Gestion des demandes de tirage (pull request) pour les mises à jour des dépendances

Vous gérez les pull requests créées par Dependabot à peu près de la même façon que les autres pull requests, mais des options supplémentaires sont disponibles.

Qui peut utiliser cette fonctionnalité ?

Utilisateurs avec accès en écriture

Dans cet article

Affichage des Dependabot pull requests

  1. Sur GitHub, accédez à la page principale du référentiel.

  2. Sous le nom de votre référentiel, cliquez sur Demandes de tirage.

    Capture d’écran de la page principale d’un dépôt. Dans la barre de navigation horizontale, un onglet intitulé « Demandes de tirage » est indiqué en orange foncé.

  3. Toutes les demandes de tirage pour les mises à jour de sécurité ou de version sont faciles à identifier.

    • L’auteur est dependabot, le compte bot utilisé par Dependabot.
    • Par défaut, elles ont l’étiquette dependencies.

Modification de la stratégie de rebasage pour les Dependabot pull requests

Par défaut, Dependabot effectue automatiquement un rebasage des demandes de fusion afin de résoudre les conflits. Si aucune demande de tirage n’a été fusionnée depuis 30 jours, Dependabot cesse de rebaser la demande de tirage. Vous pouvez toujours rebaser et fusionner manuellement la demande de tirage. Si vous préférez gérer manuellement les conflits de fusion, vous pouvez le désactiver à l’aide de l’option rebase-strategy . Pour plus d’informations, consultez Référence des options Dependabot.

Autoriser Dependabot à effectuer un rebase et à forcer le push sur des commits supplémentaires

Par défaut, Dependabot cessera de rebaser une pull request une fois que des commits supplémentaires auront été poussés vers celle-ci. Pour autoriser Dependabot à effectuer un push forcé sur des commits ajoutés à ses branches, incluez dans le message de commit l’une des chaînes suivantes : [dependabot skip], [skip dependabot], [dependabot-skip] ou [skip-dependabot], en minuscules ou en majuscules.

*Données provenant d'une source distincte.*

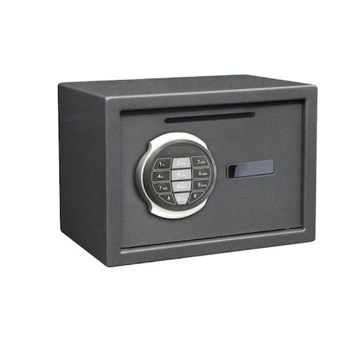 Esse cofre possui uma trava unidirecional de 20mm e uma abertura frontal que permite fazer depósitos sem a necessidade de abrir o cofre. Além disso, você pode fixá-lo em paredes ou pisos utilizando os furos de fixação na parte de baixo e traseira, e os parafusos para montar já estão inclusos.

Gestion des Dependabot pull requests à l’aide de commandes dans les commentaires

Vous pouvez utiliser des commandes dans les commentaires sur les Dependabot pull requests pour gérer et personnaliser vos mises à jour des dépendances. Pour plus d’informations, consultez Commandes de commentaires des pull requests Dependabot.

Dependabot réagira avec un emoji « pouce levé » pour confirmer la commande, et pourra également ajouter un commentaire sur la pull request. Bien que Dependabot réponde généralement rapidement, certaines commandes peuvent prendre plusieurs minutes à s’exécuter si Dependabot est occupé à traiter d’autres mises à jour ou commandes.

Si vous exécutez l’une des commandes pour ignorer les dépendances ou les versions, Dependabot stocke les préférences du référentiel de manière centralisée. Même s’il s’agit d’une solution rapide, pour les dépôts avec plusieurs contributeurs, il est préférable de définir explicitement les dépendances et les versions à ignorer dans le fichier de configuration. Ainsi, tous les contributeurs peuvent facilement voir pourquoi une dépendance particulière n’est pas automatiquement mise à jour.

Pour plus d’informations, consultez « Référence des options Dependabot ».